Records supplied:

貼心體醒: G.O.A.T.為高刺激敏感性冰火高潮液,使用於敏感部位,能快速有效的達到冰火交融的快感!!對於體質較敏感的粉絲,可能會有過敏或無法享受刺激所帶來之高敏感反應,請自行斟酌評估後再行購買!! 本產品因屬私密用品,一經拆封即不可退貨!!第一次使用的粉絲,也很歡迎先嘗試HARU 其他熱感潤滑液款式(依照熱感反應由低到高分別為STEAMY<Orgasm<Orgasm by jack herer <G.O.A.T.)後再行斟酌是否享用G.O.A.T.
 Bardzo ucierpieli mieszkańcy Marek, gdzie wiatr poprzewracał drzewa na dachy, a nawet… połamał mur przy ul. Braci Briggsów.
==
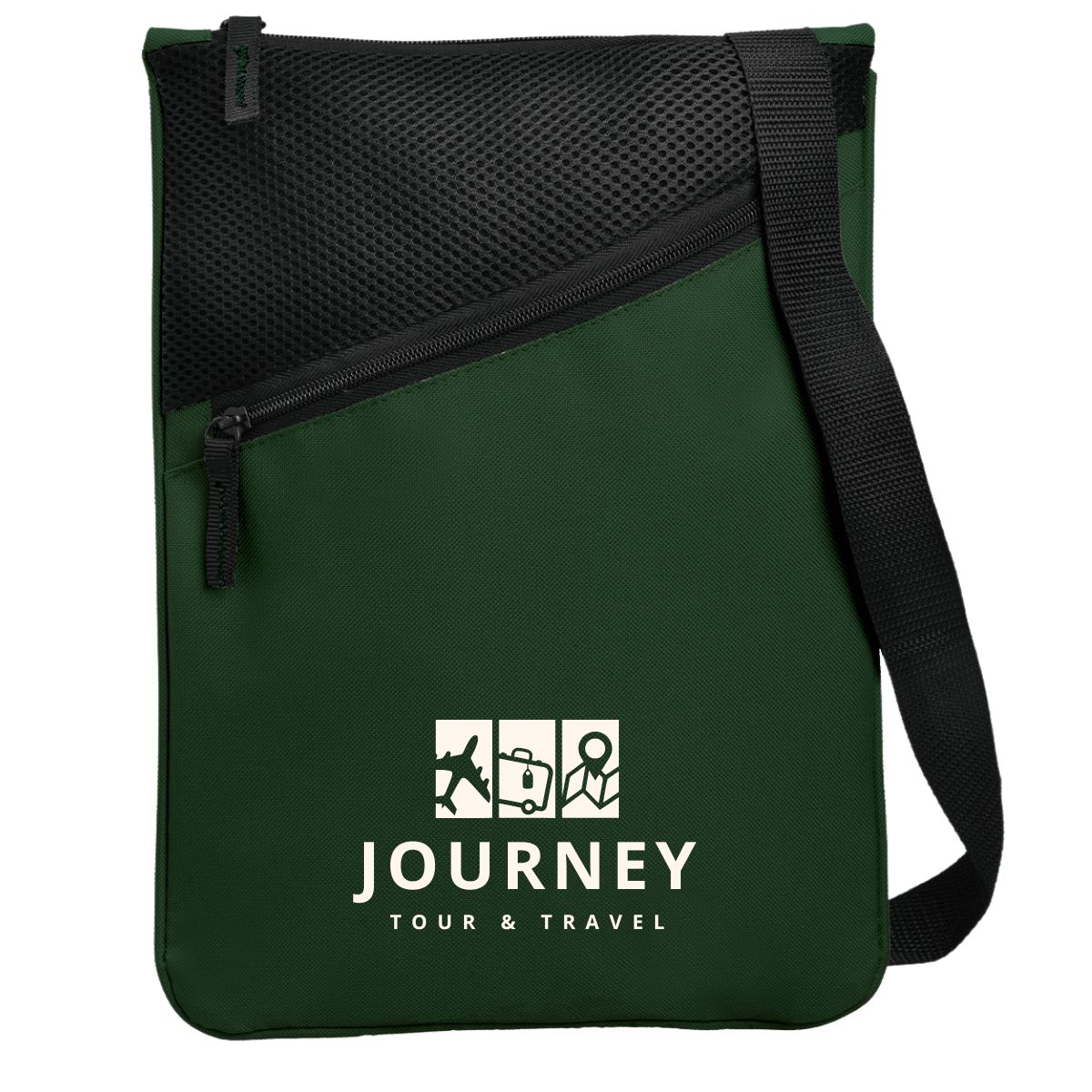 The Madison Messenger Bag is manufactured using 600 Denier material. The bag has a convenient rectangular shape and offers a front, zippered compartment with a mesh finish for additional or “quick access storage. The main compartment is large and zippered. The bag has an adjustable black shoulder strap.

Work instruction: Copy out precisely the lines from the line with "jack herer <G.O.A.T.)後再行斟酌是否享用G.O.A.T." to the line with "Bardzo ucierpieli mieszkańcy" in the material above, including those two lines and omitting all the rest.

Response below:
貼心體醒: G.O.A.T.為高刺激敏感性冰火高潮液,使用於敏感部位,能快速有效的達到冰火交融的快感!!對於體質較敏感的粉絲,可能會有過敏或無法享受刺激所帶來之高敏感反應,請自行斟酌評估後再行購買!! 本產品因屬私密用品,一經拆封即不可退貨!!第一次使用的粉絲,也很歡迎先嘗試HARU 其他熱感潤滑液款式(依照熱感反應由低到高分別為STEAMY<Orgasm<Orgasm by jack herer <G.O.A.T.)後再行斟酌是否享用G.O.A.T.
 Bardzo ucierpieli mieszkańcy Marek, gdzie wiatr poprzewracał drzewa na dachy, a nawet… połamał mur przy ul. Braci Briggsów.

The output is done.